Viele stellen sich die bange Frage, ob ihr Kind die für das schulische Lernen
notwendigen Voraussetzungen mitbringt. Aber auch auf die Lehrpersonen der 1.
Schulstufe warten umfassendste Aufgaben. Wenn Kinder in die Schule kommen,
haben sie bereits sechs Lebensjahre gehört, gesprochen, geschaut, gerochen und
gefühlt. Sie sind keine „tabula rasa“, sondern bringen die unterschiedlichsten
Vorerfahrungen in die Schule mit.
In der Folge werden Beobachtungshilfen für Schulanfänger aufgelistet. Es finden
jene umfassenden Bereiche Berücksichtung, die als Grundvoraussetzungen des
Lernens betrachtete werden können. Für problemloses Schreiben ist neben der
altersgemäß entwickelten Wahrnehmungsfähigkeit eine differenzierte Grob- und
Feinmotorik eine grundlegende Voraussetzung.
Diese Auflistungen sind lediglich als Anregungen und Beobachtungshilfen für den
körperlichen, sozial-emotionalen und kognitiven Entwicklungsbereich zu sehen, um
die der Folge gezielte und individuelle Förderungen durchführen zu können. Es
werden keineswegs Ansprüche auf Vollständigkeit erhoben.
I.
Körperliche Schulfähigkeit
Früher glaubte man, dass das Erreichen eines bestimmten körperlichen
Entwicklungsstandes die Schulreife anzeige. Hatte ein Kind die so genannte
„Schulkindform“ erreicht, so setzte man dies mit psychischer Schulreife gleich. Auf
Grund der allgemeinen körperlichen Akzeleration haben diese Aussagen heute keine
Gültigkeit mehr. Verschiedenste Bereiche subsumieren sich im Bereich körperlicher
Schulfähigkeit.
1. Grobmotorik und Feinmotorik
Die motorischen Leistungen im Alter des Schuleintrittes gewinnen zunehmend an
Sicherheit
(Bewegungskoordination,
Reaktionsgeschwindigkeit).
Körperliche
Geschicklichkeit ist ein unerlässlicher Bestandteil der allgemeinen Leistungsfähigkeit.

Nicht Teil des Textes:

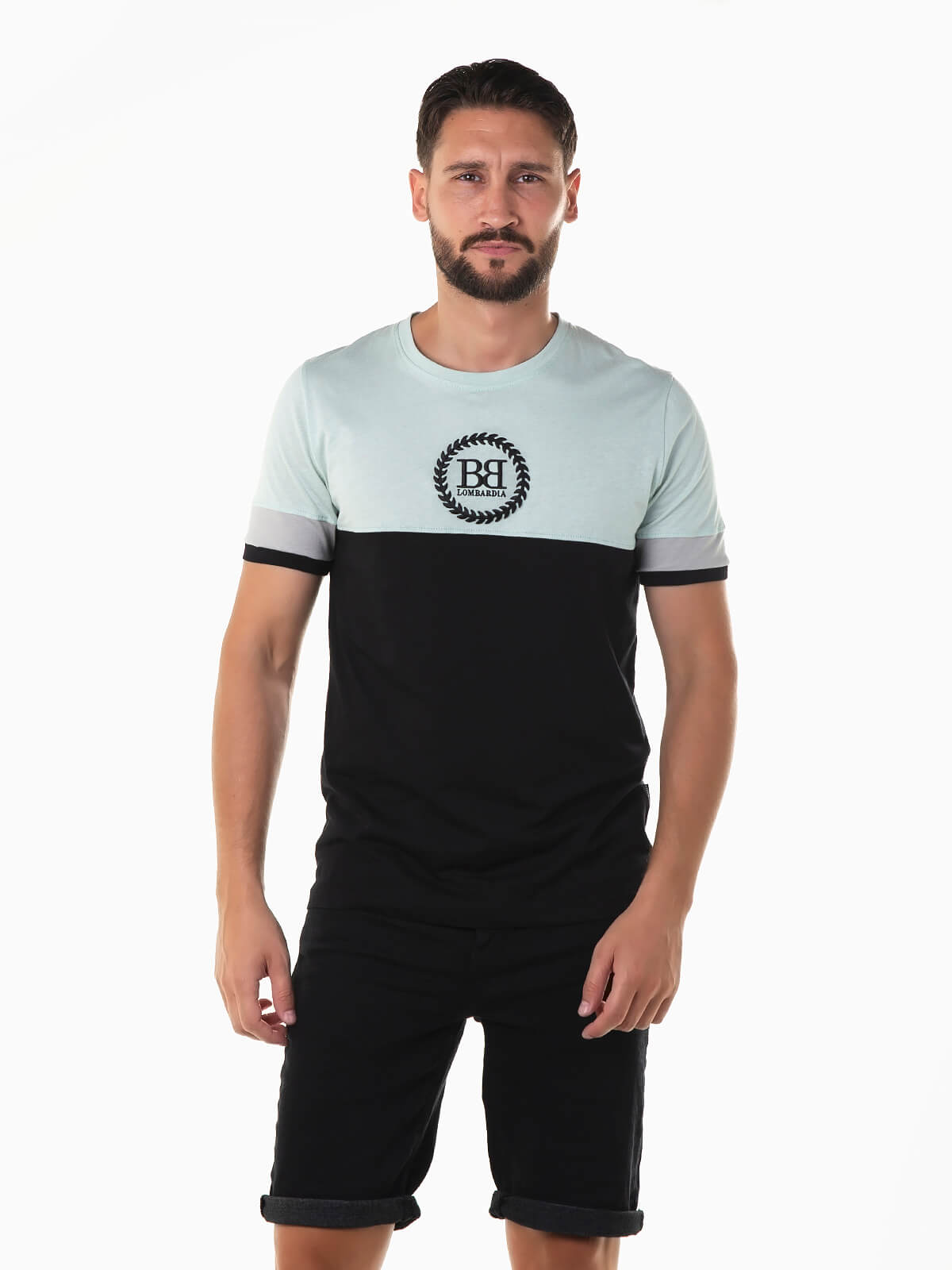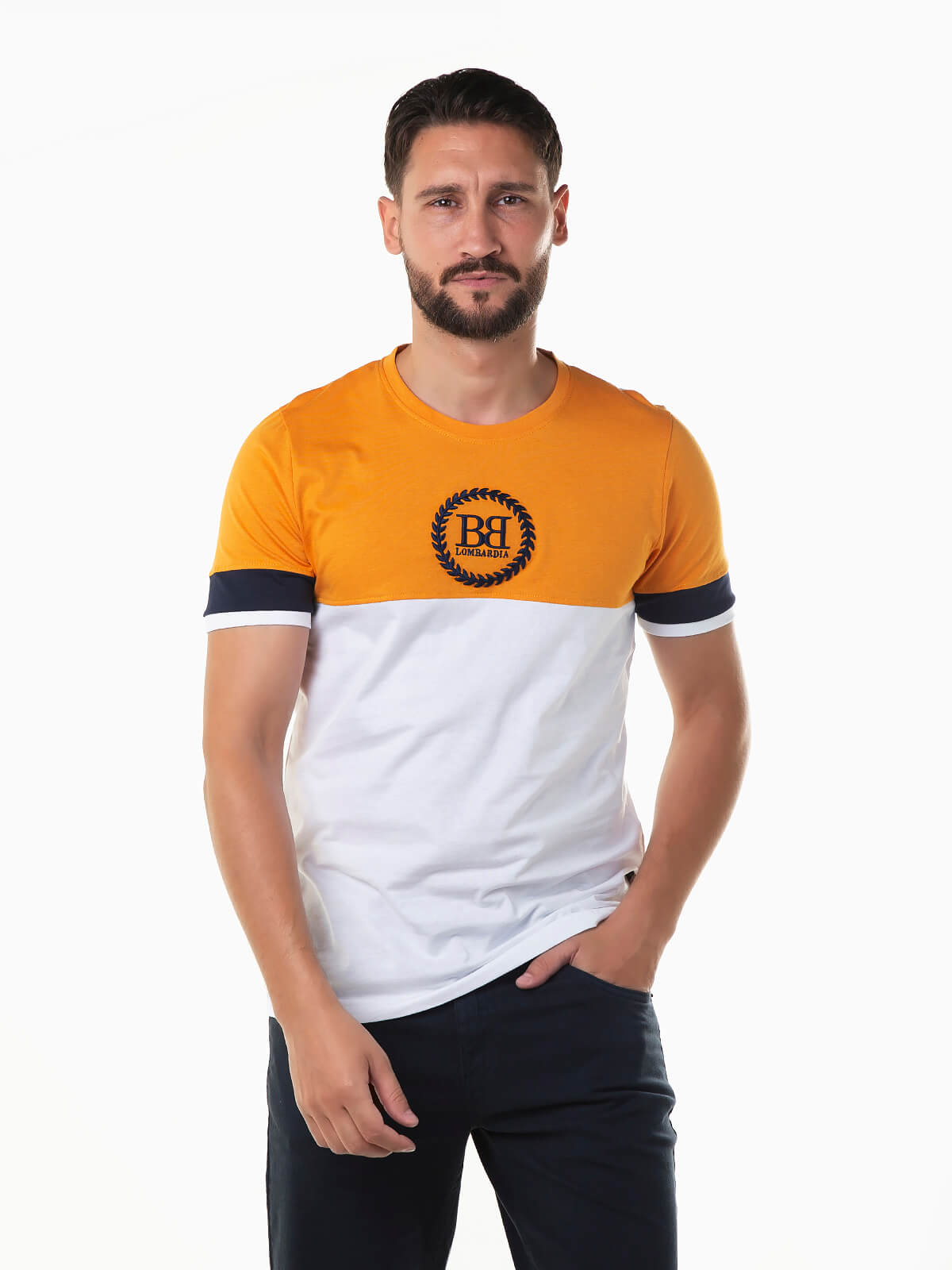 T-shirt manga curta com estampado color block e bordado no peito. Confeccionada em algodão 100% para maior conforto e durabilidade. Gola redonda.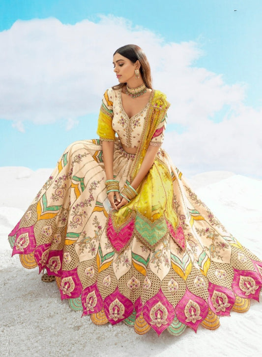 Sculpted Cream Multi Silk Stylish Lehenga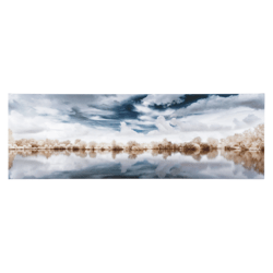 Grandiose in size, the tranquil setting of a lake reflecting its surroundings of tonal hued trees and a cloud covered sky, offer viewers a slice of serenity in our piece titled Mirrored. Layered with depth and tone on tone hues of blues juxtaposed against creams and whites, Mirrored brings a sense of calmness to a space. Gallery wrapped for modern appeal, Mirrored makes the perfect complement to a wider variety of décor settings.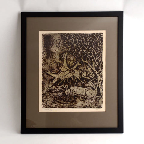 Lithograph with scene of deer in woodland by Axel Salto N6646
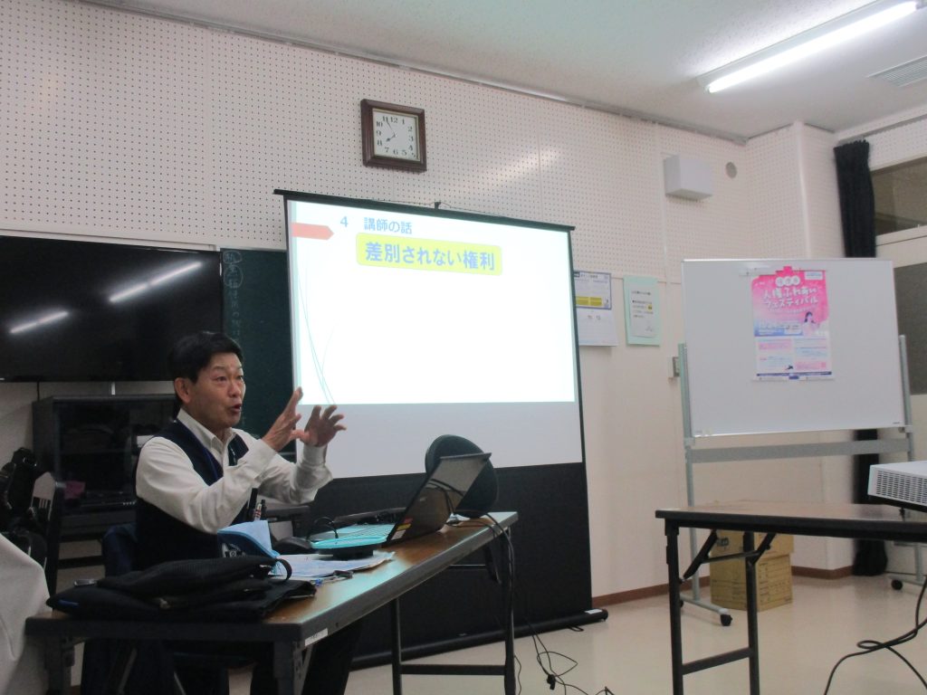 11月10日(月)、市役所人権政策室の職員が来館し、人権学習地区巡回講座「ふれあい・ほっとミーティングin境」を開催しました。「ネット社会における人権」をテーマに、SNS上での人権問題を題材にしたDVDの視聴を通して、思いやりのある情報発信のあり方について考えました。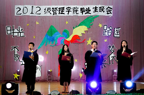 今天的离别不是结束,而是新的开始。本次晚会的成功举办,离不开学院领导的大力支持,更离不开管理学院学生的精心筹备。此次晚会不仅让2016届毕业生重拾大学四年美好回忆,更为学院学生提供了一个展示自我秀出精彩的舞台。在此衷心祝愿毕业生们始终怀揣对大学时光的美好回忆,扬帆起航,创造更加精彩灿烂的人生。(管理学院新闻中心)

Die Entwicklung der Intelligenz hängt eng mit der Bewegung des Kindes zusammen.
Die Funktionsfähigkeit des Gleichgewichtssystem ist aber nicht nur für die motorische
Entwicklung entscheidend, sondern auch für die Entwicklung der Raumwahrnehmung und Raumorientierung.
Möglichkeiten zur Überprüfung der Grobmotorik
 Beim Begehen einer Treppe werden die Beine abwechselnd benützt
 Treppen ohne Festhalten besteigen
 Koordination von Bewegungsabläufen: Ball werfen und fangen, 2 Schritte gehen, 1x
klatschen
 Verschiedene Körperstellungen richtig nachmachen
 Schwebende Seifenblasen mit beiden Händen zerplatzen
 Ohne Hilfe der Hände aus dem Schneidersitz aufstehen
 Ohne beobachtbare Schwierigkeiten rückwärts gehen
 Gleichgewicht auf einem Bein stehend halten
 Linken Arm nach vorn strecken, rechtes Bein nach hinten strecken – ca. 5 Sekunden
 Einen Fuß genau vor den anderen setzen – vorwärts und rückwärts (Zehen ganz
genau an die Ferse setzen)
 Fortlaufend mit geschlossenen Füßen ca. 10 Meter hüpfen
 Hinknien und wieder aufstehen, ohne die Hände zu benützen
 Springen über Gegenstände (Springschnur, Zeitung)
 Auf ein akustisches und optisches Signal sofort stoppen
Möglichkeiten zur Überprüfung der Feinmotorik
 Aus- und anziehen verschiedener Kleidungsstücke (Socken, Handschuhe, Knöpfe
und Reißverschlüsse zumachen, Binden einer Schleife)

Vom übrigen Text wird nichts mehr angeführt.